- Aim of the task: Print, word for word, every line from the beginning of the listing up to and including the line with "仕様:ざっくりと編み込まれた". Pictures are to be excluded.

- Recorded information:

——————

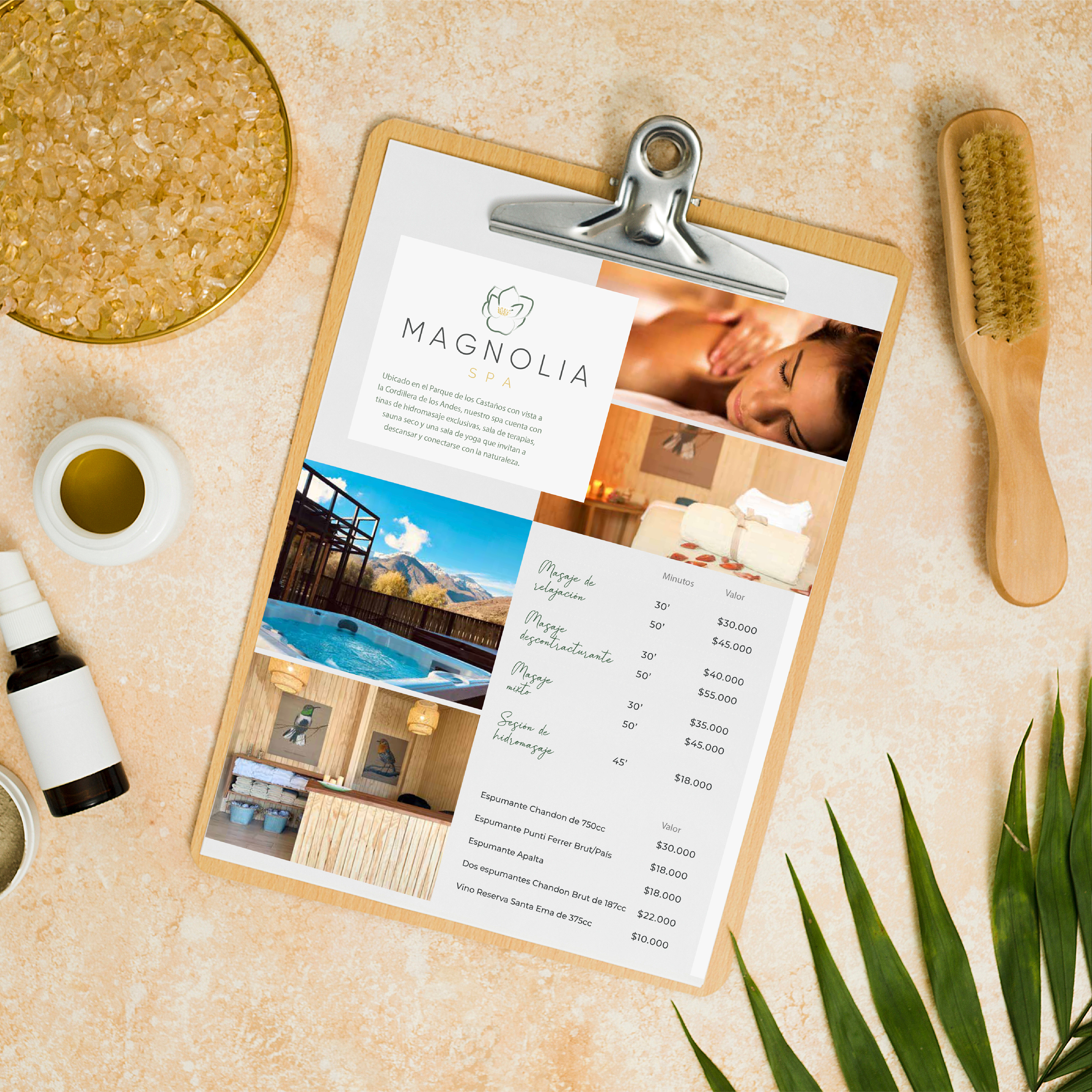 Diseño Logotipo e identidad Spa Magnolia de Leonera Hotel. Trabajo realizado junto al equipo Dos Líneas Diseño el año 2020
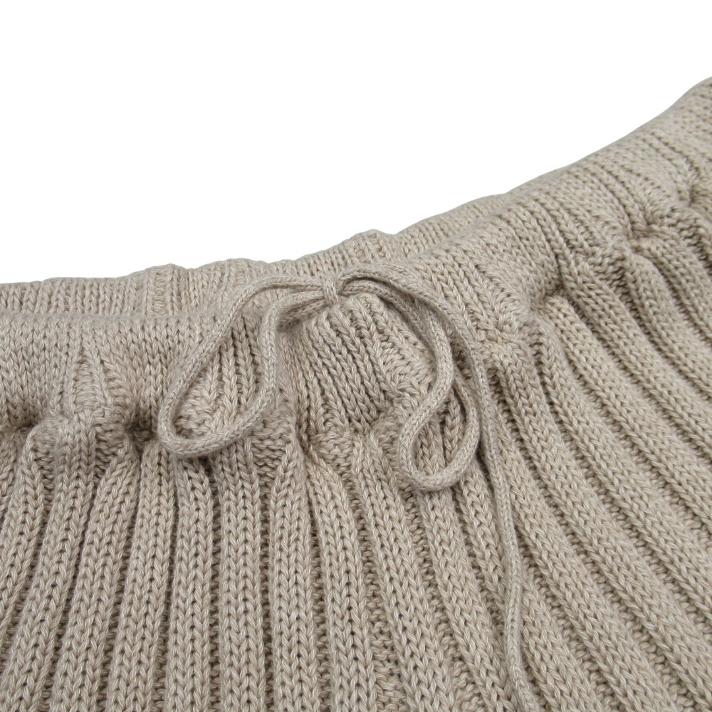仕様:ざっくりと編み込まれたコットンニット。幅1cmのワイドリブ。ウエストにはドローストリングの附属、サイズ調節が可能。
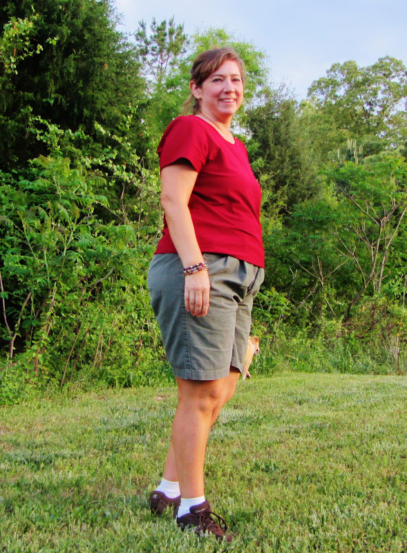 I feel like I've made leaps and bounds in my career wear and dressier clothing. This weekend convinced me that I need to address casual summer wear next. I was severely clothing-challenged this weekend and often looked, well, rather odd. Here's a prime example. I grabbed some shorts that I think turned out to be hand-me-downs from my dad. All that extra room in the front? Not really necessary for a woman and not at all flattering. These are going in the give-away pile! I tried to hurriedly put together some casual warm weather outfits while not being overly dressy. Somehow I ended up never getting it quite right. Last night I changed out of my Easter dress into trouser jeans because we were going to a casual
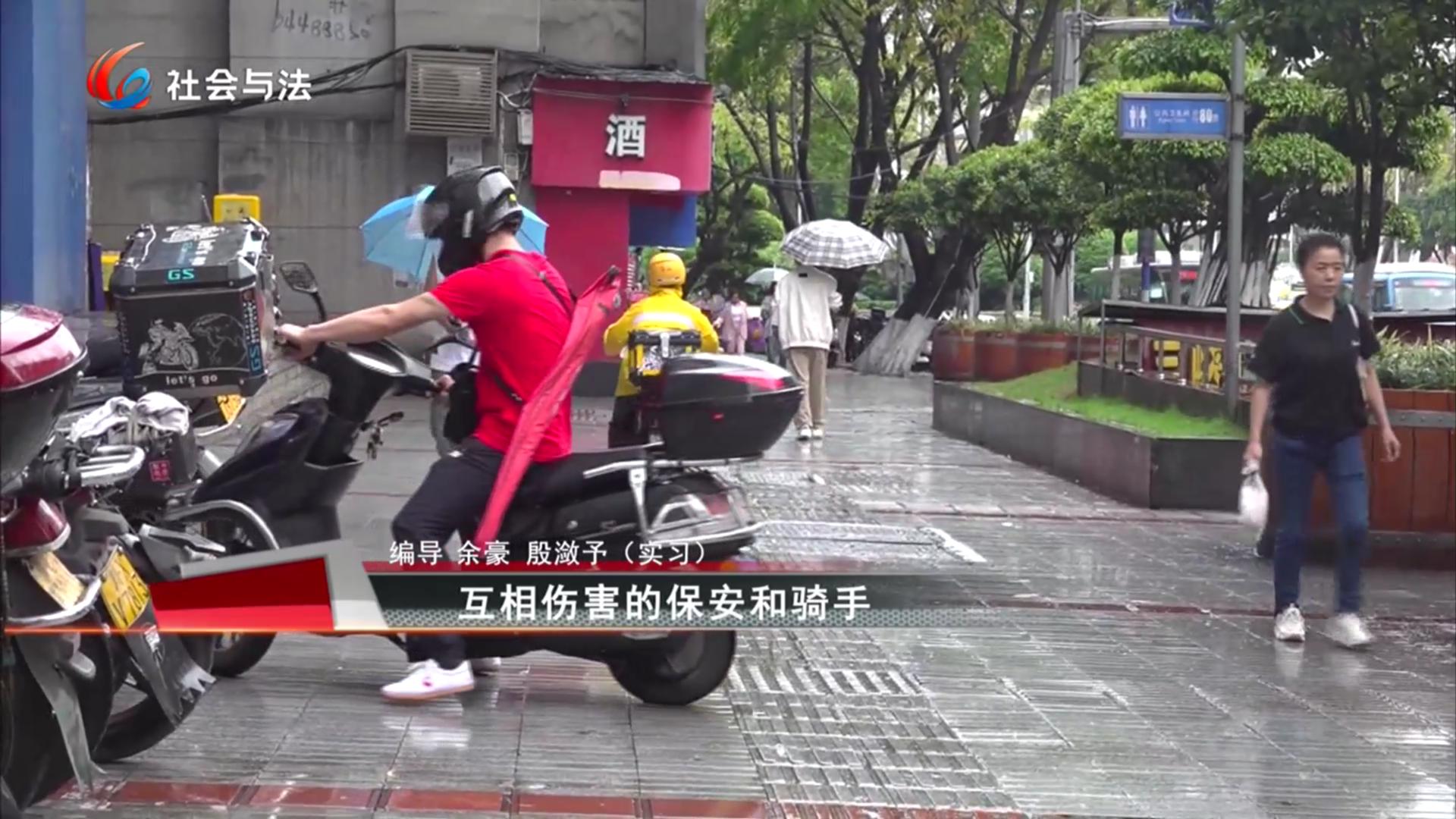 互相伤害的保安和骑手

——————

- Solution:
 Diseño Logotipo e identidad Spa Magnolia de Leonera Hotel. Trabajo realizado junto al equipo Dos Líneas Diseño el año 2020
仕様:ざっくりと編み込まれたコットンニット。幅1cmのワイドリブ。ウエストにはドローストリングの附属、サイズ調節が可能。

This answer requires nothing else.